Extract every line below, verbatim.

Collected data entries
::::::::
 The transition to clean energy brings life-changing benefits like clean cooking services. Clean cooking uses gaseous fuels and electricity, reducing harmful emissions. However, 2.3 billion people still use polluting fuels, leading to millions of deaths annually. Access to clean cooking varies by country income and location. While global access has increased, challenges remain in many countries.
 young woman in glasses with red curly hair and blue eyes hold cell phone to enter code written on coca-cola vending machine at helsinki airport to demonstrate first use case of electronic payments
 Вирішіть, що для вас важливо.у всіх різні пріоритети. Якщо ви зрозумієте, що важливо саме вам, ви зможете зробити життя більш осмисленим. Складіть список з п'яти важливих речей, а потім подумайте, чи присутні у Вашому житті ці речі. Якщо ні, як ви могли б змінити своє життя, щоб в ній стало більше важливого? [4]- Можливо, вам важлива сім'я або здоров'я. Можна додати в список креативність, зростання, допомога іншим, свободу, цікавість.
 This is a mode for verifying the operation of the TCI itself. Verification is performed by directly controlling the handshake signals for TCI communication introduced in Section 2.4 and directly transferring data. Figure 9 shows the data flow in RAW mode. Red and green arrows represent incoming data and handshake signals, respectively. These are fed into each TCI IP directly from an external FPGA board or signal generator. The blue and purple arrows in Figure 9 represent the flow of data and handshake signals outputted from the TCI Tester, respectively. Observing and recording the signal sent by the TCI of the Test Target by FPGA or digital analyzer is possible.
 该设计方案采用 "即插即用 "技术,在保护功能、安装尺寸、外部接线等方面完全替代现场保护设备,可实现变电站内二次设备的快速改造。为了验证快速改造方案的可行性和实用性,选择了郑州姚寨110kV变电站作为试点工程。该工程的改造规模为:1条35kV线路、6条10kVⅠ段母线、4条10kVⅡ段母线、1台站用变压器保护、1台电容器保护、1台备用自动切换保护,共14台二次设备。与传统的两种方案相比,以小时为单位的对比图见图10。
::::::::
Answer area
 The transition to clean energy brings life-changing benefits like clean cooking services. Clean cooking uses gaseous fuels and electricity, reducing harmful emissions. However, 2.3 billion people still use polluting fuels, leading to millions of deaths annually. Access to clean cooking varies by country income and location. While global access has increased, challenges remain in many countries.
 young woman in glasses with red curly hair and blue eyes hold cell phone to enter code written on coca-cola vending machine at helsinki airport to demonstrate first use case of electronic payments
 Вирішіть, що для вас важливо.у всіх різні пріоритети. Якщо ви зрозумієте, що важливо саме вам, ви зможете зробити життя більш осмисленим. Складіть список з п'яти важливих речей, а потім подумайте, чи присутні у Вашому житті ці речі. Якщо ні, як ви могли б змінити своє життя, щоб в ній стало більше важливого? [4]- Можливо, вам важлива сім'я або здоров'я. Можна додати в список креативність, зростання, допомога іншим, свободу, цікавість.
 This is a mode for verifying the operation of the TCI itself. Verification is performed by directly controlling the handshake signals for TCI communication introduced in Section 2.4 and directly transferring data. Figure 9 shows the data flow in RAW mode. Red and green arrows represent incoming data and handshake signals, respectively. These are fed into each TCI IP directly from an external FPGA board or signal generator. The blue and purple arrows in Figure 9 represent the flow of data and handshake signals outputted from the TCI Tester, respectively. Observing and recording the signal sent by the TCI of the Test Target by FPGA or digital analyzer is possible.
 该设计方案采用 "即插即用 "技术,在保护功能、安装尺寸、外部接线等方面完全替代现场保护设备,可实现变电站内二次设备的快速改造。为了验证快速改造方案的可行性和实用性,选择了郑州姚寨110kV变电站作为试点工程。该工程的改造规模为:1条35kV线路、6条10kVⅠ段母线、4条10kVⅡ段母线、1台站用变压器保护、1台电容器保护、1台备用自动切换保护,共14台二次设备。与传统的两种方案相比,以小时为单位的对比图见图10。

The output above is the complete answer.